Mahuchikh had spent three days getting to Serbia after fleeing her native town following Russian bombardment but maintained her competitive intensity to win a competition she described as her own "front line", overcoming the challenge of Australia’s 2014 Commonwealth Games champion Eleanor Patterson, who set a personal best of 2.00m.

"I didn’t think I was doing it for myself or my medal, I was doing it for all the Ukrainian nation, to show that we are the strongest in the world," Mahuchikh said.

She has since maintained her competitive edge, winning the Wanda Diamond League meetings in Eugene, Rabat and Paris with respective jumps of 2.00m, 1.96m and 2.01m.

Now an athlete who already stands equal third on the world indoor all-time list after clearing 2.06m in Banska Bystrica last year is seeking to offer another gift to her nation at the rebuilt Hayward Field in a competition that starts on day two of the championships, 16 July.

If Mahuchikh can accomplish that task, it will bring her a first outdoor global title after the silver she won at the last World Championships in Doha three years ago, and the bronze she took last summer at the Tokyo Olympics.

The gold medallist in both those contests – authorised neutral athlete Mariya Lasitskene – has been unable to compete internationally this year following the World Athletics ban on Russian and Belarusian athletes in the wake of the Ukraine invasion which began in February.

There will be strong competition for Mahuchikh from Down Under, however.
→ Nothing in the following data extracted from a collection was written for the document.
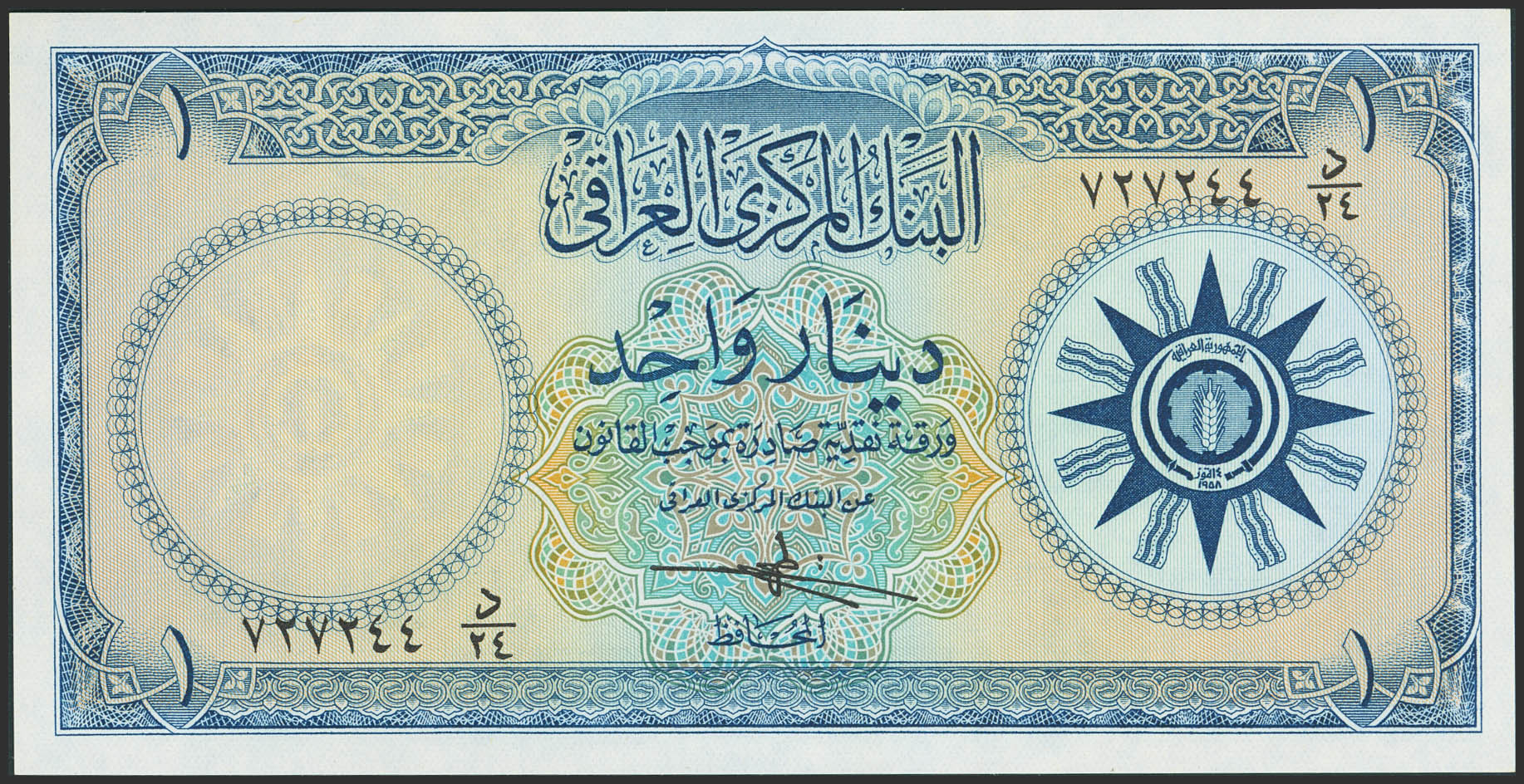 IRAQ. 1 Dinar. (1959ca). Central Bank. (Pick: 53a). Uncirculated.
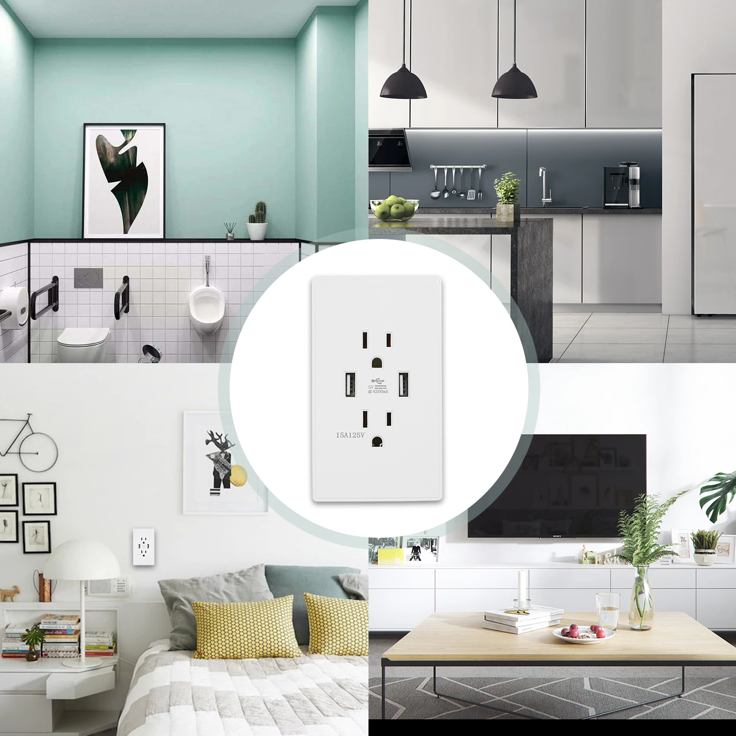 Простая установка: встроенный разъем зарядного устройства USB может быть легко установлен в стене вашей спальни, гостиной, кухни или в любой другой комнате, вы можете быстро зарядить устройство, легко и удобно.
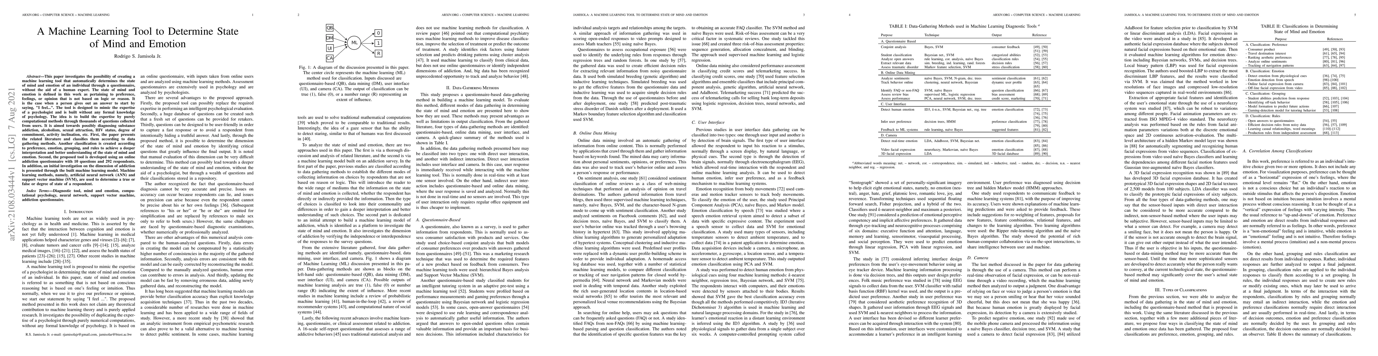 This paper investigates the possibility of creating a machine learning tool that automatically determines the state of mind and emotion of an individual through a questionnaire, without the aid of a human expert. The state of mind and emotion is defined in this work as pertaining to preference, feelings, or opinion that is not based on logic or reason. It is the case when a person gives out an answer to start by saying, "I feel...". The tool is designed to mimic the expertise of a psychologist and is built without any formal knowledge of psychology. The idea is to build the expertise by purely computational methods through thousands of questions collected from users. It is aimed towards possibly diagnosing substance addiction, alcoholism, sexual attraction, HIV status, degree of commitment, activity inclination, etc. First, the paper presents the related literature and classifies them according to data gathering methods. Another classification is created according to preference, emotion, grouping, and rules to achieve a deeper interpretation and better understanding of the state of mind and emotion. Second, the proposed tool is developed using an online addiction questionnaire with 10 questions and 292 respondents. In addition, an initial investigation on the dimension of addiction is presented through the built machine learning model. Machine learning methods, namely, artificial neural network (ANN) and support vector machine (SVM), are used to determine a true or false or degree of state of a respondent.

Patterson has already demonstrated her relish for competition in Belgrade, and she indicated her form at the Wanda Diamond League meeting in Stockholm on 30 June in clearing an outdoor season’s best of 1.96m to win a competition involving the Olympic bronze medallist and her compatriots Yuliya Levchenko and Gerashchenko.
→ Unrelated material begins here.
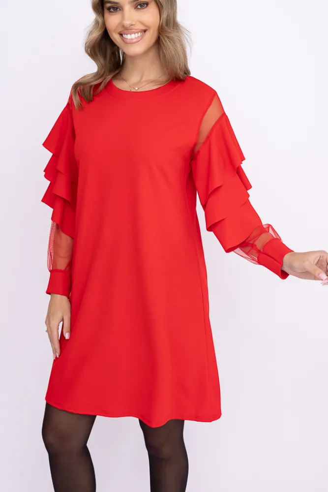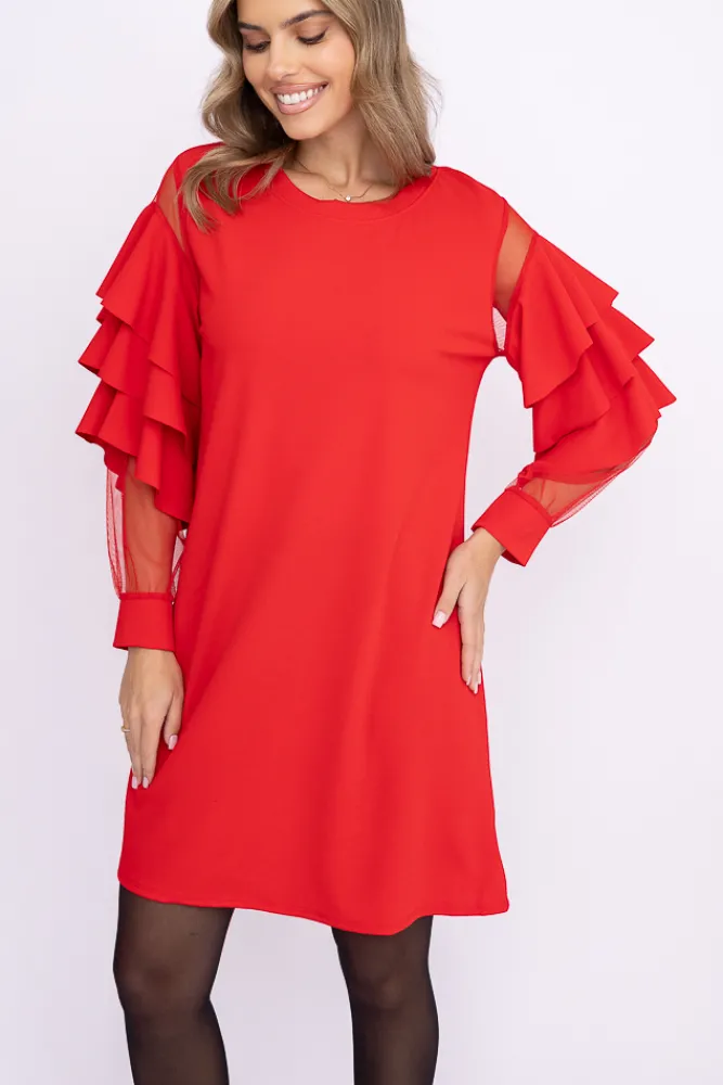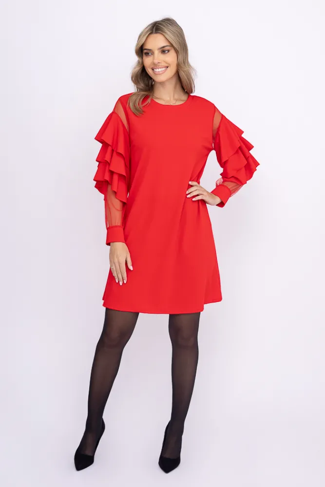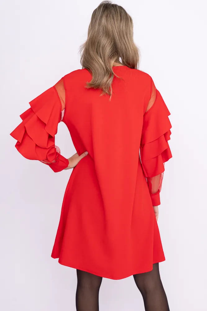 Włoski Czerwona Sukienka z falbanami DARIEN

Levchenko, the 2017 world silver medallist, has an outdoor best of 2.02m from 2019 and has an outdoor best of 1.95m this year, while Gerashchenko jumped 1.98m to earn world indoor silver in March.
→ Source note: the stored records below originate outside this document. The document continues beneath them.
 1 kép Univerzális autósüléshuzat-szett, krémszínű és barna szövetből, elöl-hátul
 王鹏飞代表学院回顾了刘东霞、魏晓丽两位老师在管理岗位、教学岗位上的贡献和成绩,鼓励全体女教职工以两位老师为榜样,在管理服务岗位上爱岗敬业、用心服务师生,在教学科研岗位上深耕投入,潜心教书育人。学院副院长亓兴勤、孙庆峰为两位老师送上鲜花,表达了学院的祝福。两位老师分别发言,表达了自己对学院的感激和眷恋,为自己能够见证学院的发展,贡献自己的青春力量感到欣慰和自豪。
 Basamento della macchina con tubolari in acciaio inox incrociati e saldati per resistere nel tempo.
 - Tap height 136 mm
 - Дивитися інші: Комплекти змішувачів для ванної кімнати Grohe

Also well in the frame will be Australia’s Olympic silver medallist Nicola Olyslagers (nee McDermott) who won at the World Athletics Continental Tour Gold meeting in Turku in June with an outdoor season’s best of 1.96m.

Vashti Cunningham, winner of the US title at the World Championships venue in Eugene last month with 1.93m, has a best of 1.98m this season. The world bronze medallist, coached by her father and former NFL quarterback Randall Cunningham, will be a strong challenger to become a home medallist.

Vashti Cunningham at the IAAF World Athletics Championships Doha 2019

Vashti Cunningham at the World Athletics Championships Doha 2019 (© Getty Images)


Vallortigara is another jumper who is right in form. With a personal best of 2.02m set in 2018, she achieved her season’s best of 1.98m in winning at Rieti on 26 June.

Other contenders to keep a careful eye on include Lamara Distin, who stands fourth on this season’s outdoor world list with her Jamaican record of 1.97m in Texas in April.

Kazakhstan’s Kristina Ovchinnikova and Serbian youngster Angelina Topic have also announced their competitive status by clearing 1.96m outdoors this year.